→ **Source material**
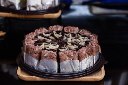 Triangle slice piece of delicious dark chocolate fudge cake on background bokeh. Concept to present homemade bakery dessert
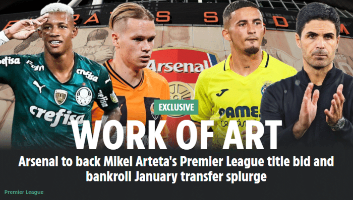 178直播10月26日《太阳报》独家消息,阿森纳冬窗将提供阿尔特塔5000万英镑引援资金,以冲击英超冠军。
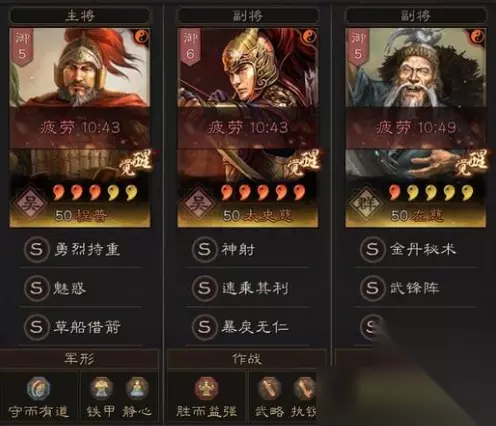 三国志·战略版三国志战略版程普另类黑科技,爆锤一切满红弓兵!如下: 作者:三国志战略版配将君 大家好,我是三战配将君,每天帮你配将开荒冲榜,和你说求贤令的武将选择,希望能帮到你! 三国志战略版太史慈这个武将是目前游戏中最全能的武将之一,能攻能辅助,只不过很多时候由于红度偏低又没合适的阵容,导致他无缘成为大哥位置的首选,只能安心打打杂了!随着官渡之战2+1玩法的出现,有大神研究出了一套全新的太史慈大哥流黑科技,弓兵内战里基本没输过,打很多主流满红队伍也同样有着一定的优势,感兴趣的可以研究一下! 官渡武锋弓: 程普:魅惑+草船借箭(全统) 兵书推荐:守而+守势+防备 太史慈:速乘其利/当锋摧决+暴戾无仁(全武+20速度) 兵书推荐:胜而+武略+执锐 左慈:武锋阵+锦帆军 兵书推荐:援其必攻+散仙+励军 接线来是前线PVP战报: 只用了两千多的战损,就轻松的把麒麟弓给干翻了! 打满红天王也就小几千的战损,这兵力还具备多穿能力。 满红草船弓算是一个比较经典的阵容,也是拿捏起来吊打。 整体打下来也是优势,发挥好的时候战损也勉强能接受。 打吴骑算是劣势局,毕竟这个阵容没什么减伤,规避又被吴骑克制,尽量绕开。反正打吴骑胜率偏低,即使赢了,战损也很大。 总结:这个队伍给程普带了魅惑,主要是因为带了援护甲,至于带抚辑军民的话其实也是可以的,只不过对于共存有着比较大的影响!

→ **Task statement**
Leave the pictures out and return the rest of the listing exactly.

→ **Reply to the task**
 Triangle slice piece of delicious dark chocolate fudge cake on background bokeh. Concept to present homemade bakery dessert
 178直播10月26日《太阳报》独家消息,阿森纳冬窗将提供阿尔特塔5000万英镑引援资金,以冲击英超冠军。
 三国志·战略版三国志战略版程普另类黑科技,爆锤一切满红弓兵!如下: 作者:三国志战略版配将君 大家好,我是三战配将君,每天帮你配将开荒冲榜,和你说求贤令的武将选择,希望能帮到你! 三国志战略版太史慈这个武将是目前游戏中最全能的武将之一,能攻能辅助,只不过很多时候由于红度偏低又没合适的阵容,导致他无缘成为大哥位置的首选,只能安心打打杂了!随着官渡之战2+1玩法的出现,有大神研究出了一套全新的太史慈大哥流黑科技,弓兵内战里基本没输过,打很多主流满红队伍也同样有着一定的优势,感兴趣的可以研究一下! 官渡武锋弓: 程普:魅惑+草船借箭(全统) 兵书推荐:守而+守势+防备 太史慈:速乘其利/当锋摧决+暴戾无仁(全武+20速度) 兵书推荐:胜而+武略+执锐 左慈:武锋阵+锦帆军 兵书推荐:援其必攻+散仙+励军 接线来是前线PVP战报: 只用了两千多的战损,就轻松的把麒麟弓给干翻了! 打满红天王也就小几千的战损,这兵力还具备多穿能力。 满红草船弓算是一个比较经典的阵容,也是拿捏起来吊打。 整体打下来也是优势,发挥好的时候战损也勉强能接受。 打吴骑算是劣势局,毕竟这个阵容没什么减伤,规避又被吴骑克制,尽量绕开。反正打吴骑胜率偏低,即使赢了,战损也很大。 总结:这个队伍给程普带了魅惑,主要是因为带了援护甲,至于带抚辑军民的话其实也是可以的,只不过对于共存有着比较大的影响!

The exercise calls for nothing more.